27 

   Подвижники, праведники


ИНОК И МАЛЬЧИК

На речной барже прибыл в Сыктывкарскую ссылку иеромонах Дамаскин. Было это в тридцатых годах. Точный срок назвать не можем. За что он подвергся репрессиям – нет известий. В каком монастыре подвизался, из каких мест родом, какого сам роду-племени – ничего этого тоже неизвестно. Конечно, где-то в гебистских архивах на него хранится дело. Но, пойди, найди его. Так что расскажем мы об отце Дамаскине со слов пенсионера Леонида Ивановича Ракина.
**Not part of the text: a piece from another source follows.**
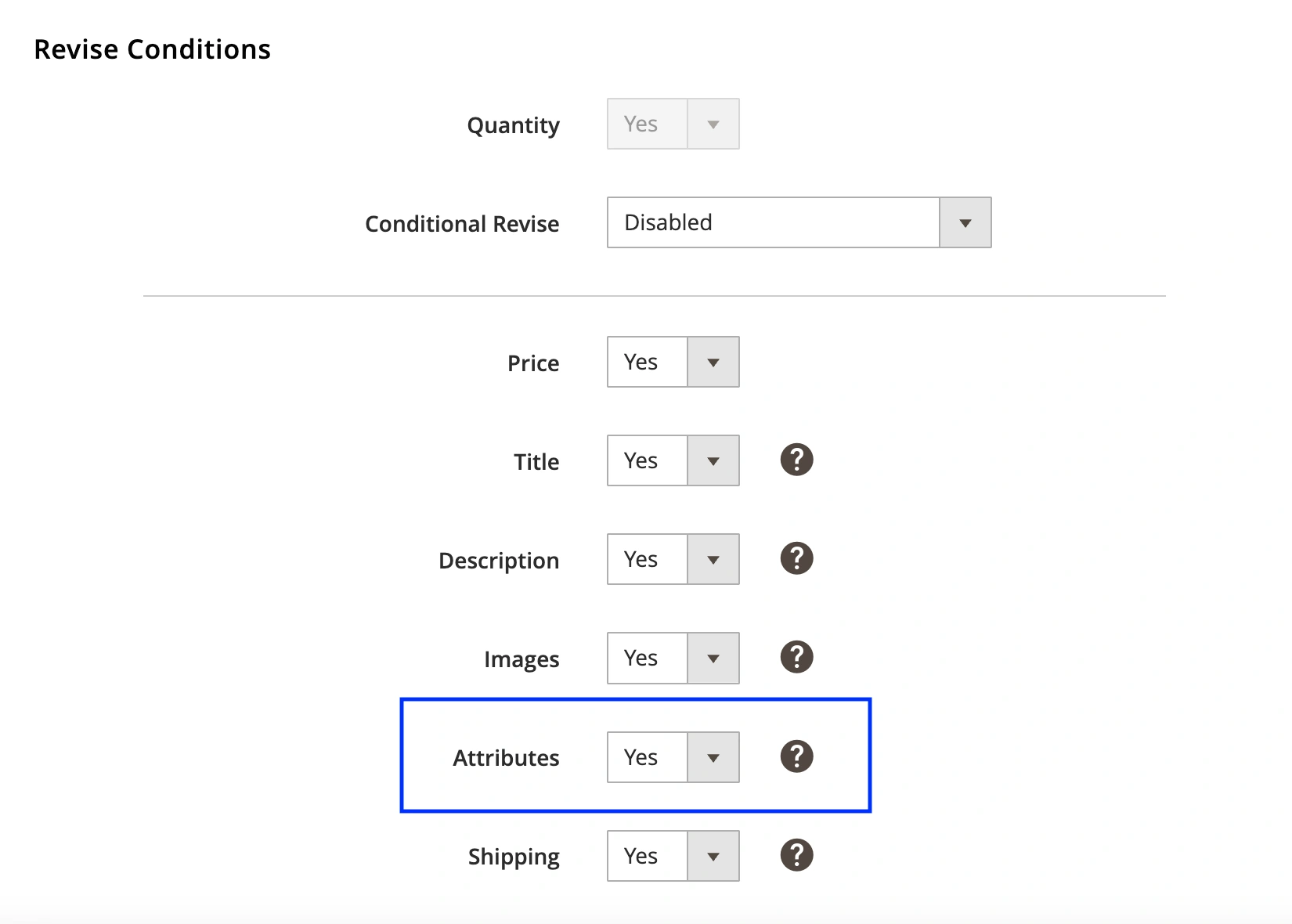 Chcete-li zajistit, aby M2E odeslal změny do Temu, povolte možnost Atributy v části Revize Pravidel synchronizace:

Познакомились они случайно. Как-то в комнату, где проживала многочисленная семья Ракиных (восемь детей да родители) явился необычный гость. Чем необычный, сказать трудно. Одет вроде как и все сыктывкарцы в конце войны: сапоги, треух, телогрейка, под ней грубой вязки свитер... Возраста почтенного, седобородый и сивокудрый. Таких, крестьянского обличья людей, было полгорода. Он чисто, даже щегольски говорил по-русски. Так ведь в Сыктывкаре чистопородных русаков было к тому времени пруд пруди среди ссыльных. А вот разговор его, тихий тон, миролюбивый, примиряющий – это было необычно. Кругом ведь не говорили, а кричали, на каждом шагу бранились.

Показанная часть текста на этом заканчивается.